Yasa tasarısı ilk olarak gündeme getirildiğinde on beş yaşın altında “severek ve isteyerek” aileleri tarafından evlendirilen gençlerin (akran çocukların) Türkiye’nin gerçeği olduğu, ancak yasalar nedeniyle bu fiili evliliklerin adli mercilere yansımasıyla failin (erkeğin) ve ailelerin ceza aldığı, bu durumda birçok mağdur aile olduğu dillendirilmişti.[5] Sözü edilen mağduriyetlerin ne kadarının gerçekten akran birlikteliğinden ne kadarının tecavüz nedeniyle cezalandırmalardan kaynaklandığı konusunda elimizde bir veri bulunmuyor. Sadece sosyal medya üzerinden bazı mağduriyetlerin varlığı dile getiriliyor. “Mağdur” olarak belirtilen sayıların ise son derece spekülatif olduğunu söyleyebiliriz. 2016 yılında 3 bin civarında olduğu gösterilen mağdur sayısı aradan geçen üç yıl sonunda bugün 25-30 bin olarak belirtilebiliyor.[6]

Gerçekten akran mağdurlar olabilir.
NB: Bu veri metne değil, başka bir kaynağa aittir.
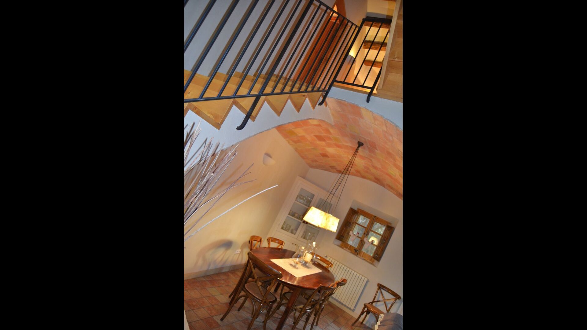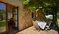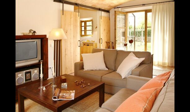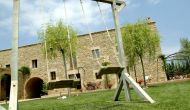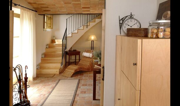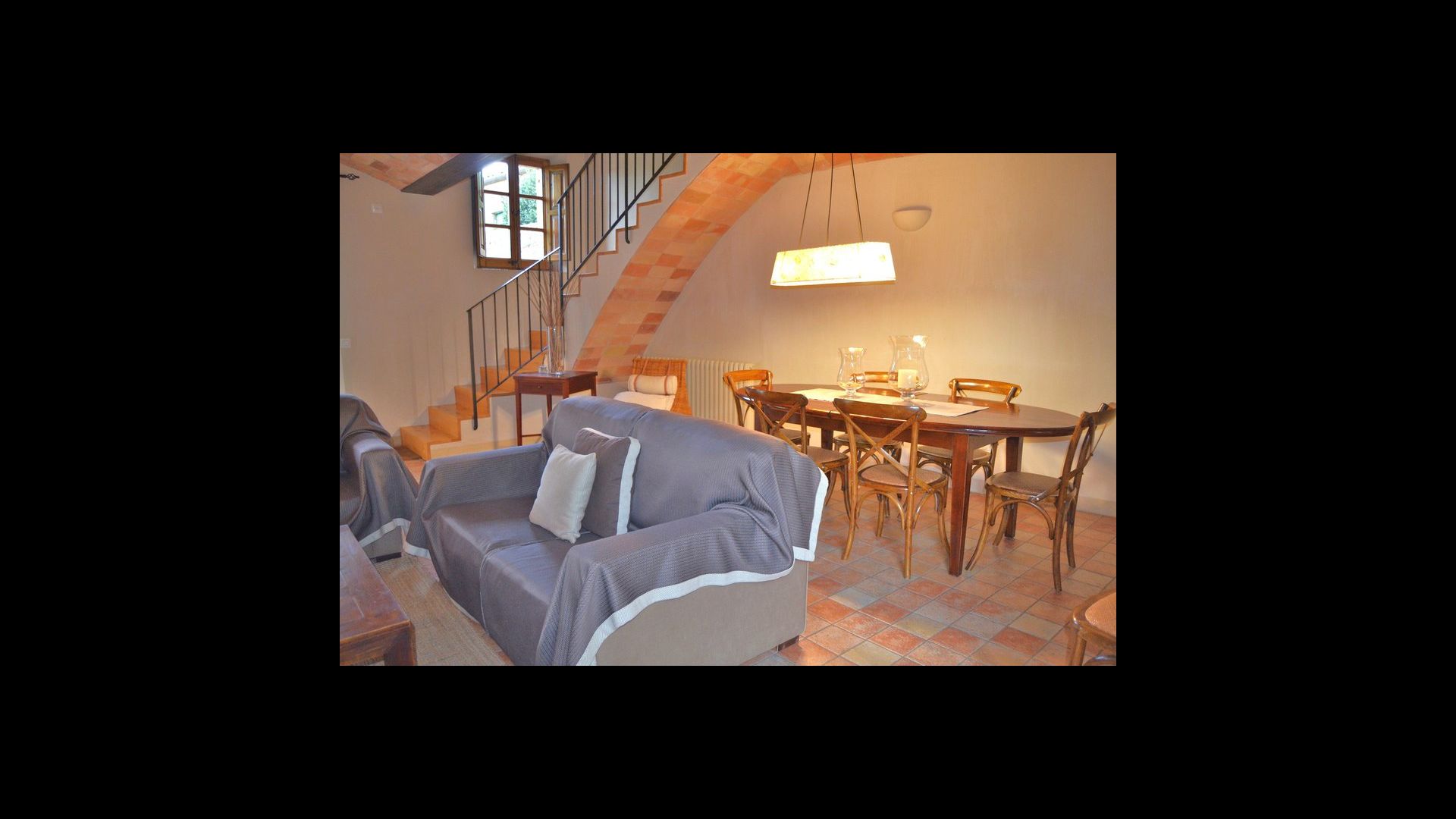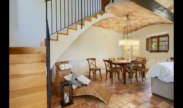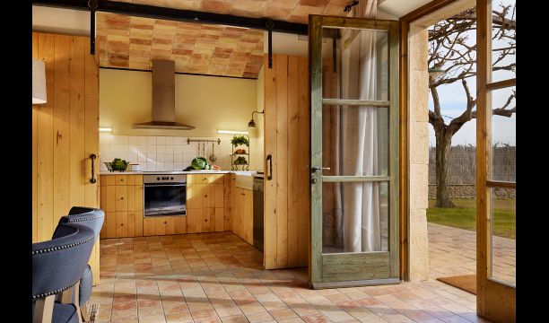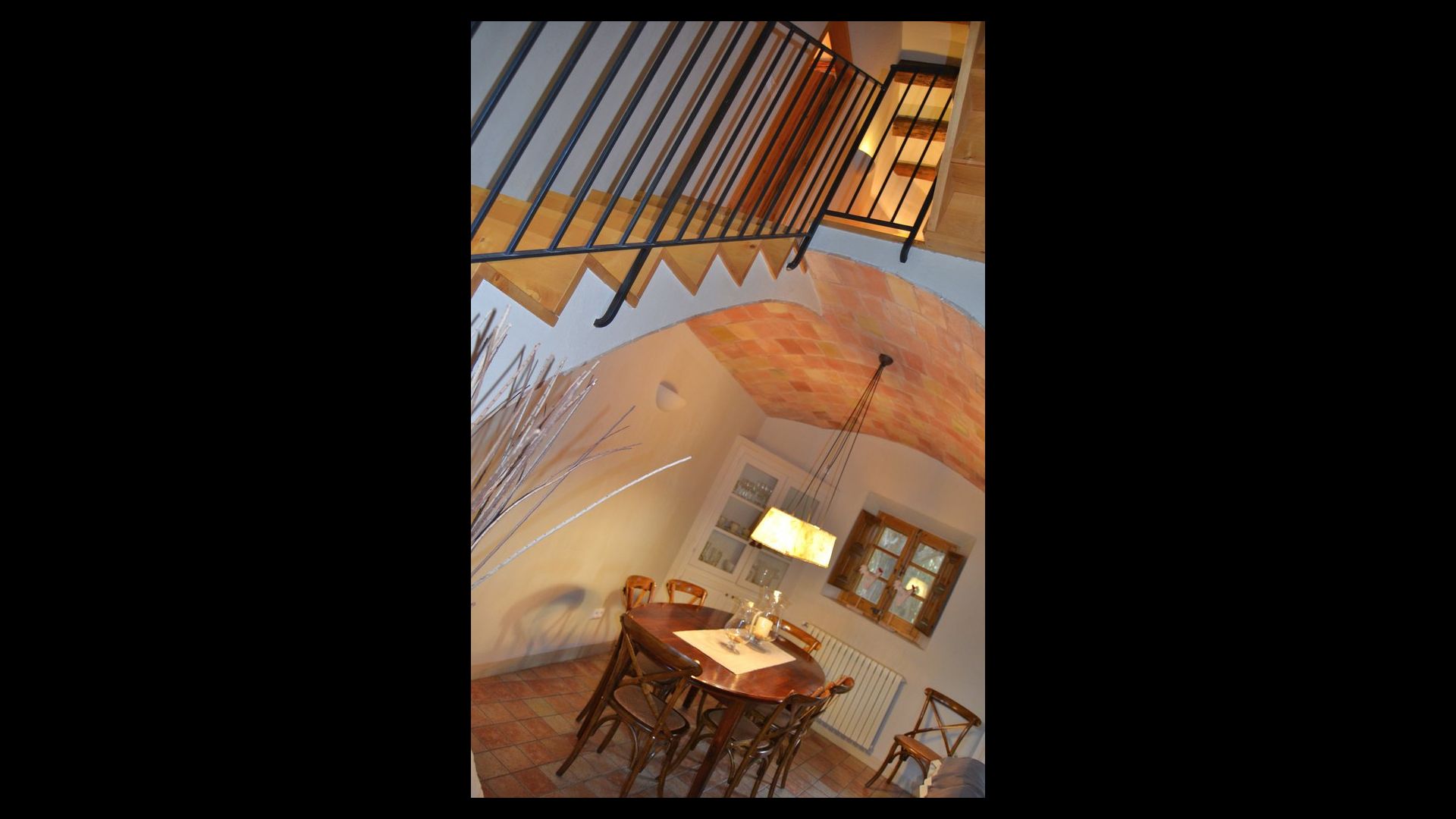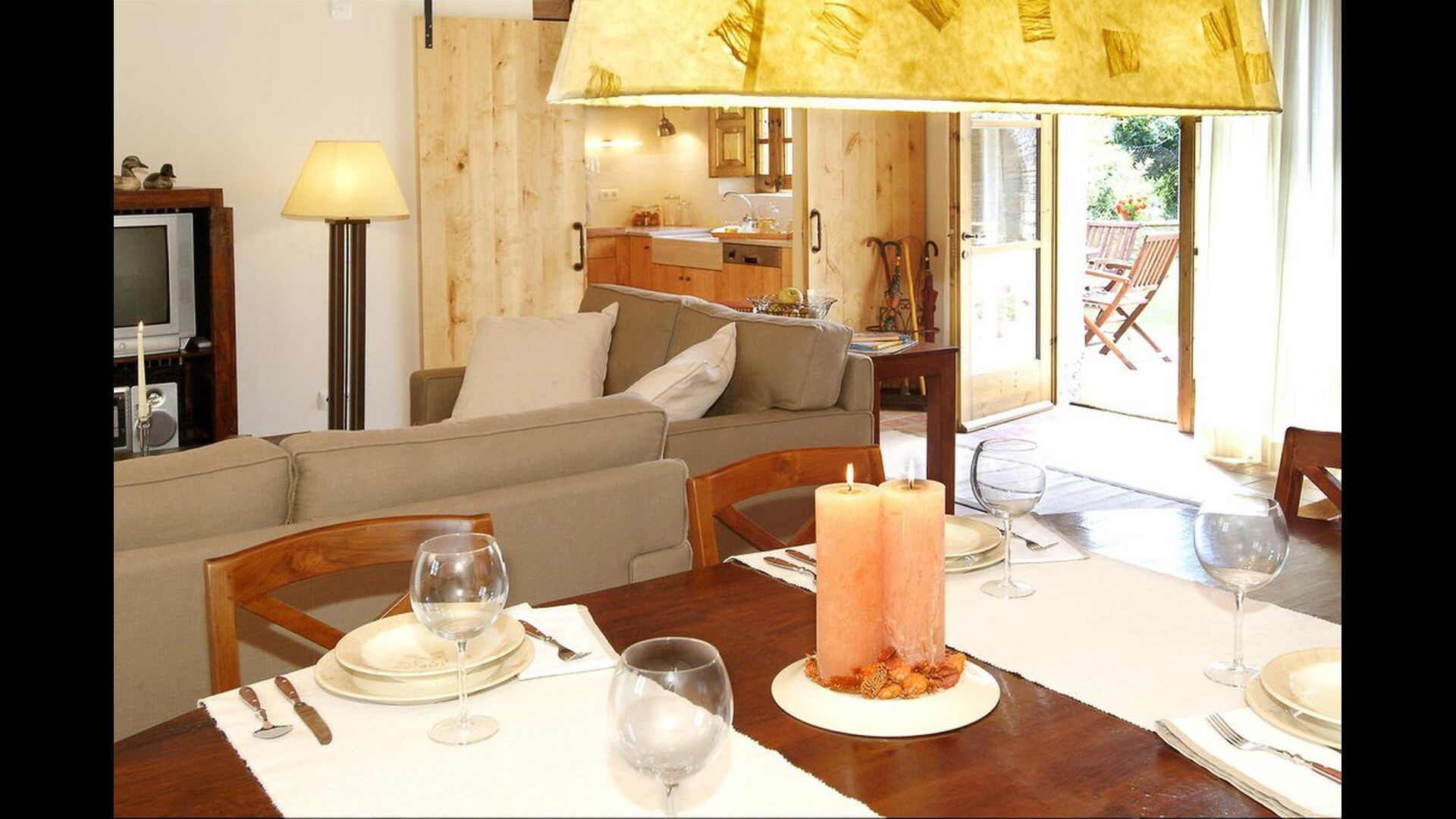 Vorderseite der schönen Ferienwohnung hat Blick auf den großen Garten. Das Haus mit seinen Steinmauern hat eine sehr authentische und rustikale Atmosphäre. Die Wohnung verfügt über eine Terrasse, wo Sie Ihre hausgemachte Mahlzeiten während der warmen katalanischen Abenden genießen können.
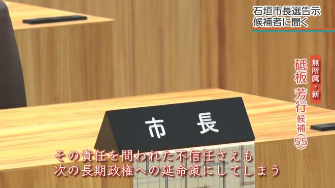 ただ、選挙戦となったきっかけがこれまでとは大きく異なります。ことしの6月定例会で公文書改ざんが明らかとなり、石垣市政では史上初となる市長の不信任案が可決され、中山さんは失職しました。
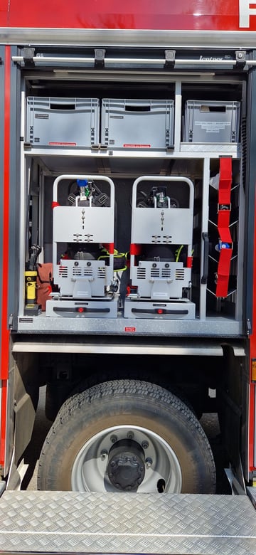 Ausrüstung zur Waldbrandbekämpfung, Wasserwerfer, mobile Löscheinrichtungen, technische Beleuchtung, 4 Atemschutzgeräte, Schlauchmaterial, Schnellangriffe, Hohlstrahlrohre, Benetzungsmittel, Faltbehälter für 3000 Liter Löschwasser
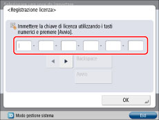 Se viene visualizzato il messaggio <Il valore della chiave di licenza è errato. Controllare la chiave di licenza.>, premere [OK] → immettere la chiave di licenza corretta.
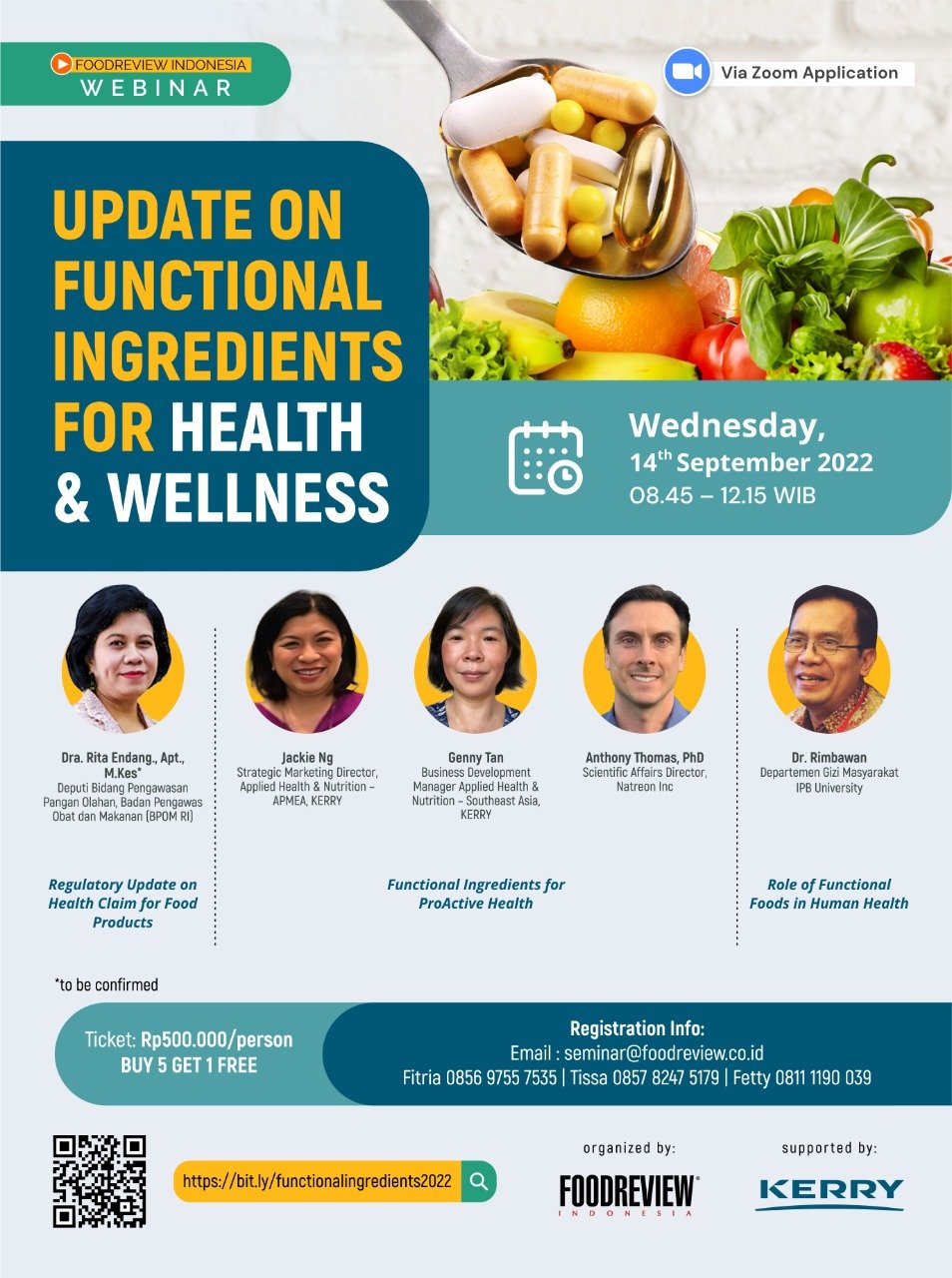Hal ini dipaparkan pada webinar Update on Functional Ingredients for Health & Wellness yang diadakan pada 14 September 2022 lalu. Webinar ini diadakan oleh Foodreview Indonesia dan didukung oleh Kerry dengan menghadirkan pembicara dari BPOM, Departemen Gizi Masyarakat, serta perwakilan dari Kerry. Pada acara ini para pembicara memberikan informasi terkini, pengetahuan terkait keamanan pangan, serta aturan atas panganan fungsional yang berlaku kepada para pelaku usaha yang bergerak di kesehatan dan kebugaran.

Ancak  mağdurlarla failler arasındaki ilişkiler, yaş farkları gibi konularda verilerin toplandığı raporlar/araştırmalar bulunmuyor. Buna karşın, bütün vakalar gerçekten akranlar arasında ve “rızaya” dayalı birlikteliklermiş gibi bir algı yaratılmak isteniyor. Mağduriyet algısı yaratılarak yasal değişiklik yapılmak istenmesinin, on beş yaş altındaki tüm kız çocuklarının yasa eliyle bir kez daha mağdur edilmesine neden olacağı göz ardı ediliyor. Çocuk evliliklerinin, çocuklar açısından doğuracağı fiziksel ve psikolojik sorunların önemsenmediğini görüyoruz. Yapılan araştırmalara göre çocuk evliliklerinde gebelikten korunma yöntemleri hakkında yeterince bilgi sahibi olmayan kız çocuklarının adölesan gebelik riskinin yüksek olduğu ve ayrıca daha fazla HIV virüsüne maruz kaldıkları bildirilmektedir.[7]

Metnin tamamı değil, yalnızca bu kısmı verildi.